Word for word, copy the line that contains "头部车企凭借垂直整合与规模效" and each line after it in the data below. Pictures stay out of the copy.

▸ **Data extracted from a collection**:
-- Opening Marker --

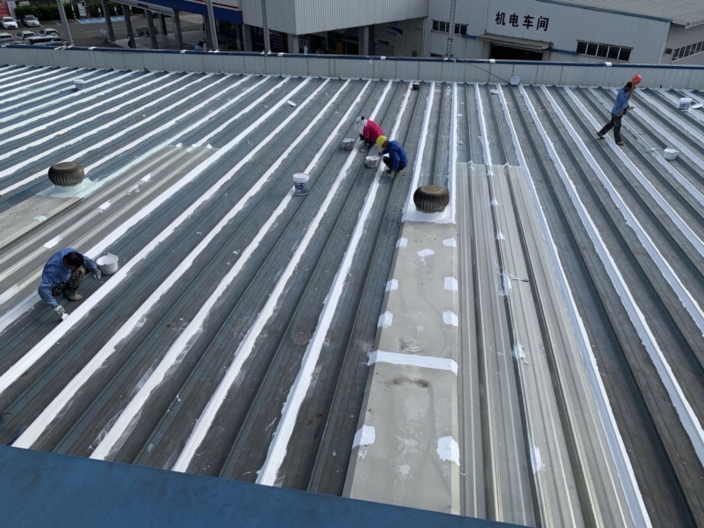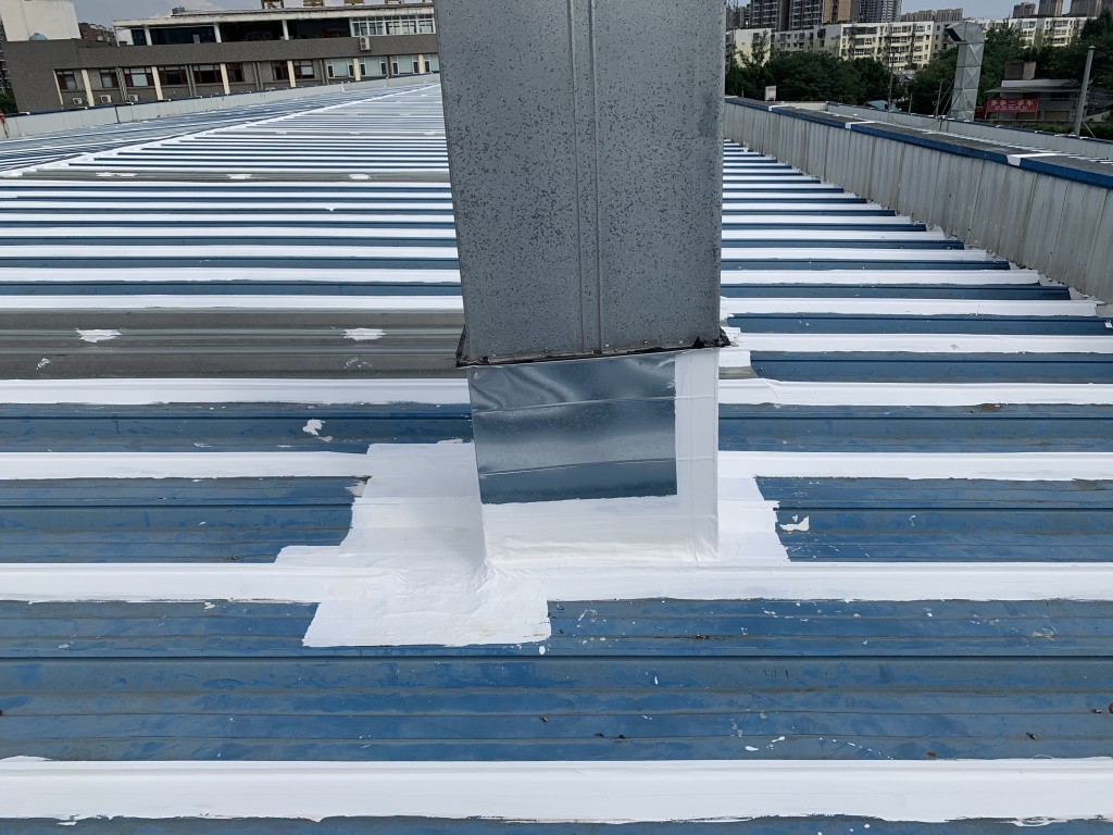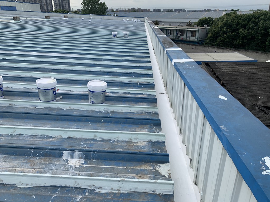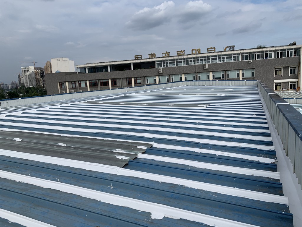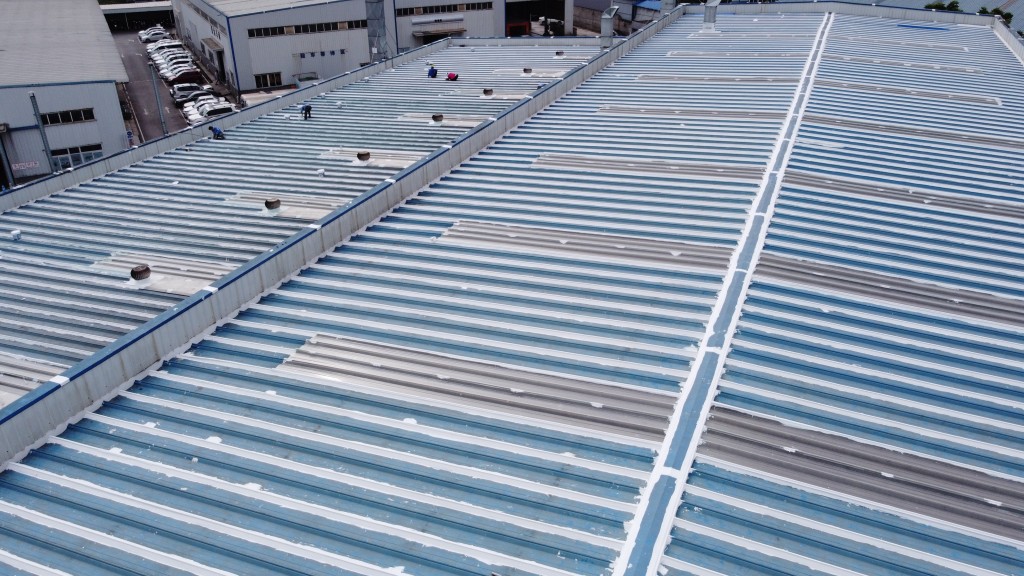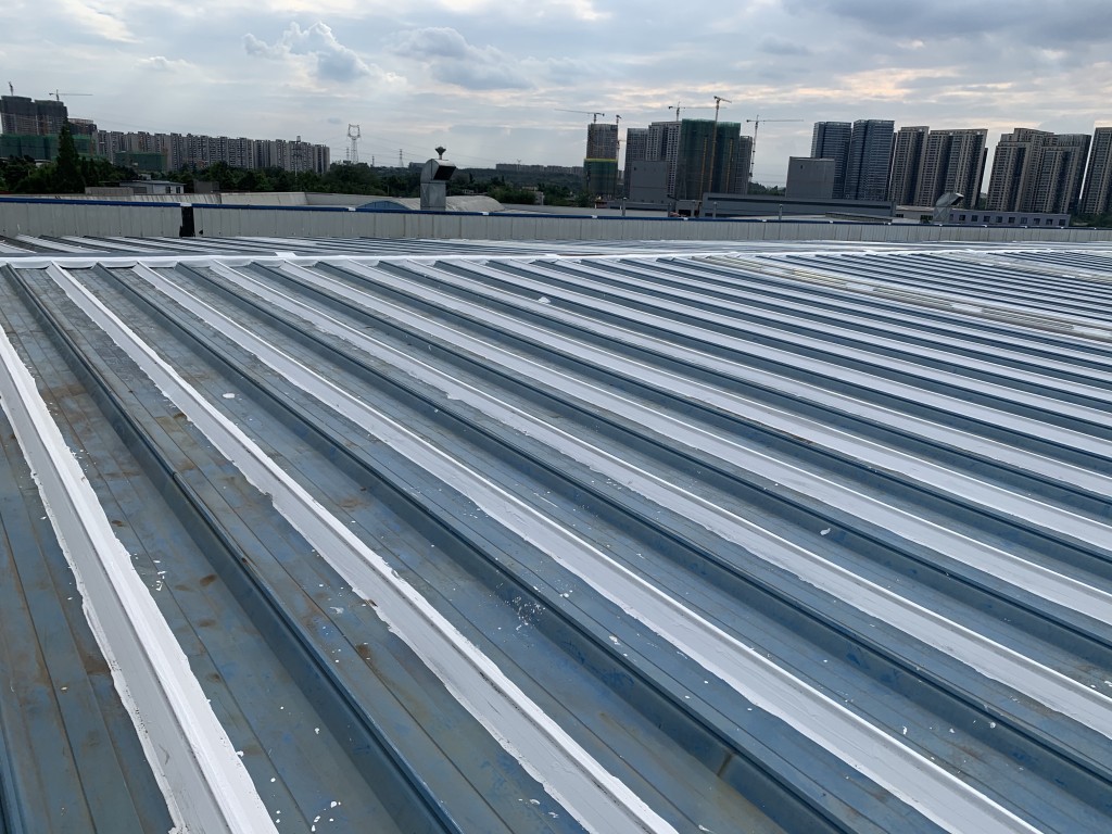 我公司采用的SYR金屬屋面專用防水涂料配合專用縫織聚酯布一布三涂形成的SYR金屬屋面專用防水系統具有防水、防腐、抗紫外線、反射隔熱的效果,特別適合于暴露屋面的使用,耐久性佳。
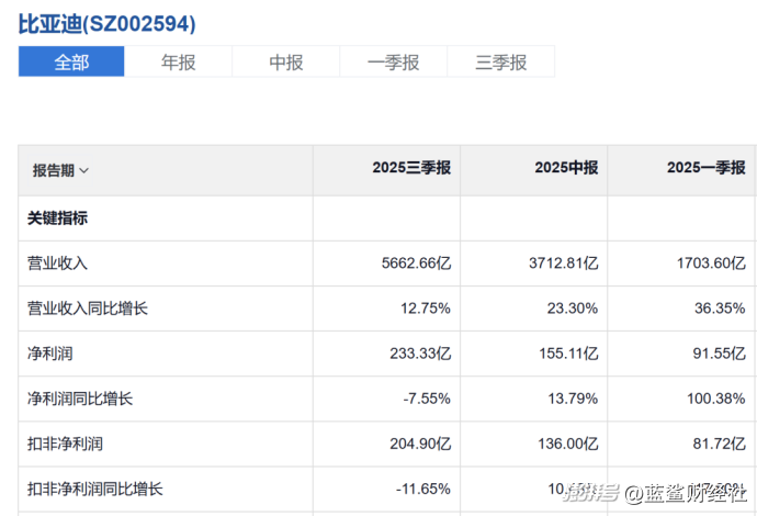 头部车企凭借垂直整合与规模效应实现稳健盈利。截至2025年三季度,比亚迪营收5662.66亿元,净利润233.33亿元,销售毛利率维持在17.87%的高位。
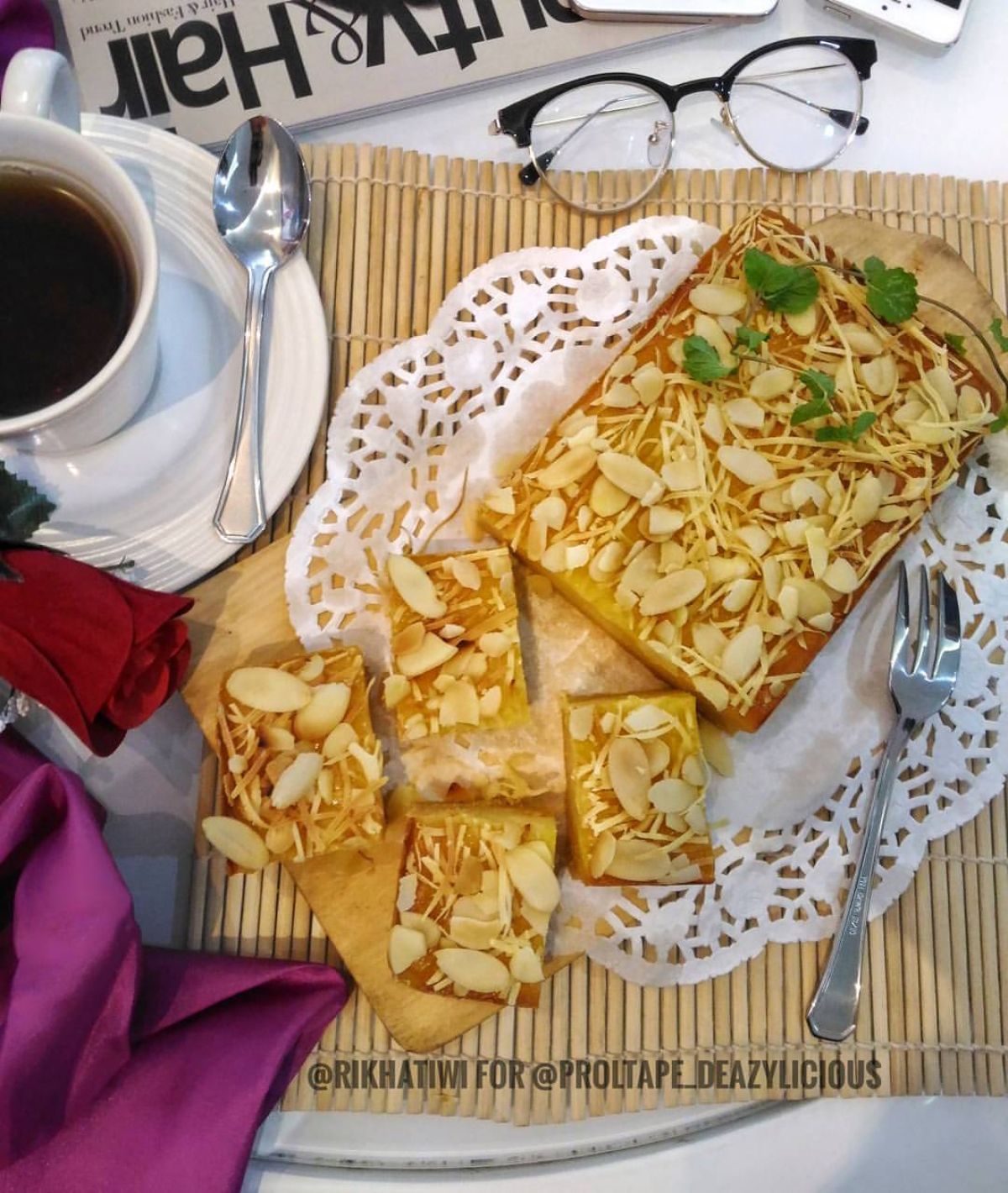 6. Dinginkan dan Hidangkan: Setelah matang, angkat loyang dari oven dan biarkan hingga dingin. Setelah itu, potong-potong proll tape sesuai selera. Proll tape keju almond siap untuk dinikmati! Jangan kaget jika satu potong saja tidak cukup, karena rasanya yang legit dan manis!
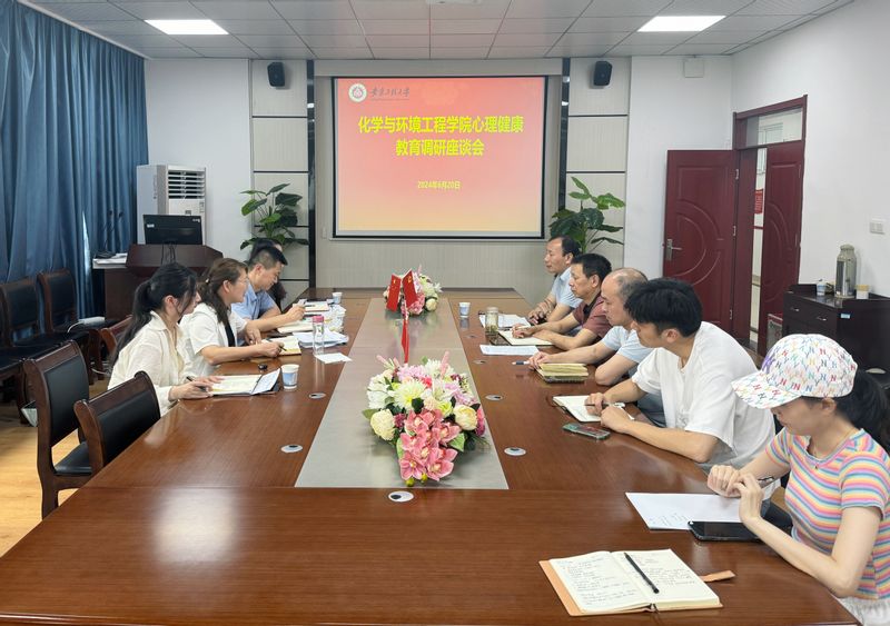 为推深做实学校“三全六专”育人实践,进一步做好学生心理健康教育工作,6月20日上午,心理健康教育中心主任金艾裙、副主任杜松涛等一行四人来化学与环境工程学院调研指导。学院党委书记章兵、副书记胡承功出席会议。全体辅导员参加会议。会议由胡承功主持。
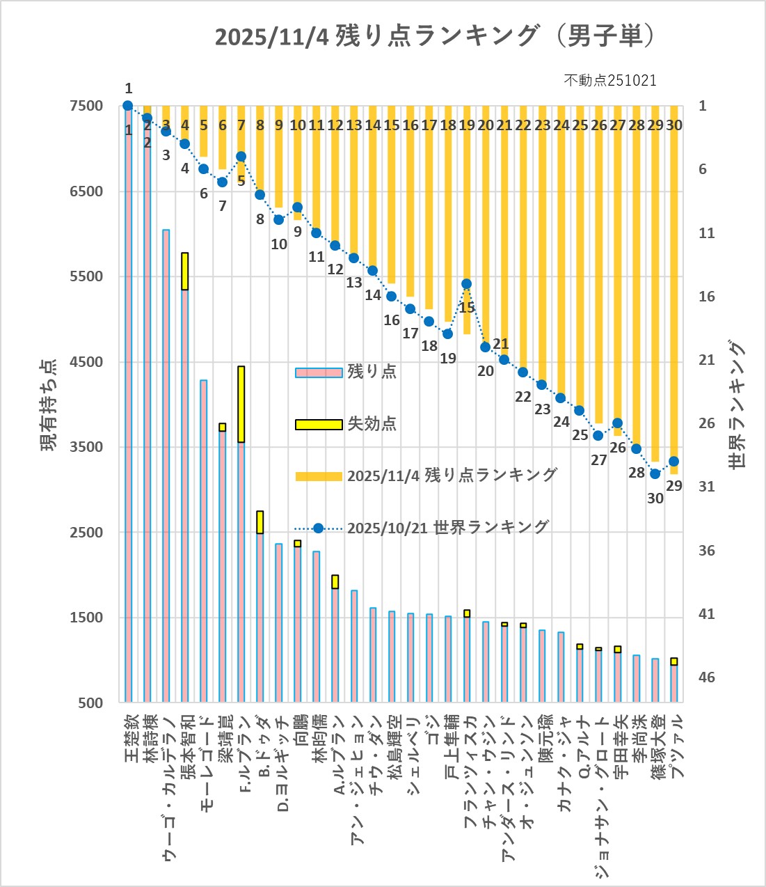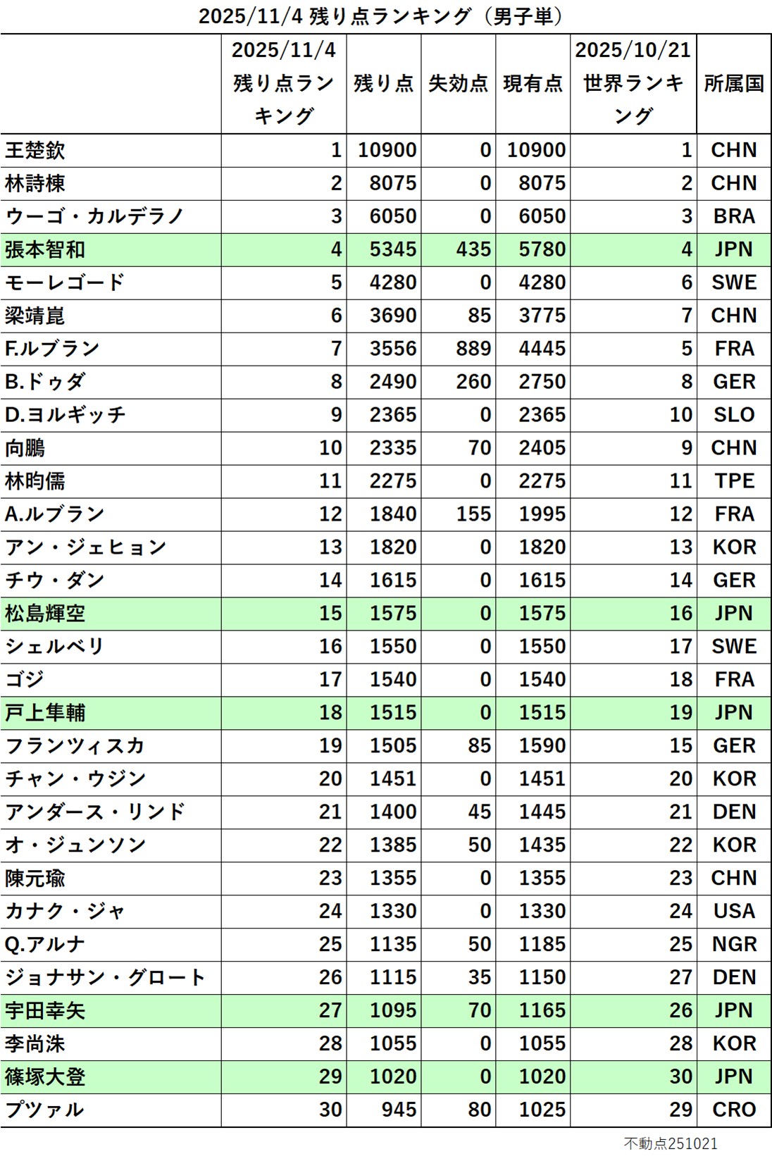 2025 WTTファイナルズ香港の5週間前11月4日の世界ランキングの残り点を計算した。

-- Closing Marker --

▸ **Your solution**:
 头部车企凭借垂直整合与规模效应实现稳健盈利。截至2025年三季度,比亚迪营收5662.66亿元,净利润233.33亿元,销售毛利率维持在17.87%的高位。
 6. Dinginkan dan Hidangkan: Setelah matang, angkat loyang dari oven dan biarkan hingga dingin. Setelah itu, potong-potong proll tape sesuai selera. Proll tape keju almond siap untuk dinikmati! Jangan kaget jika satu potong saja tidak cukup, karena rasanya yang legit dan manis!
 为推深做实学校“三全六专”育人实践,进一步做好学生心理健康教育工作,6月20日上午,心理健康教育中心主任金艾裙、副主任杜松涛等一行四人来化学与环境工程学院调研指导。学院党委书记章兵、副书记胡承功出席会议。全体辅导员参加会议。会议由胡承功主持。
 2025 WTTファイナルズ香港の5週間前11月4日の世界ランキングの残り点を計算した。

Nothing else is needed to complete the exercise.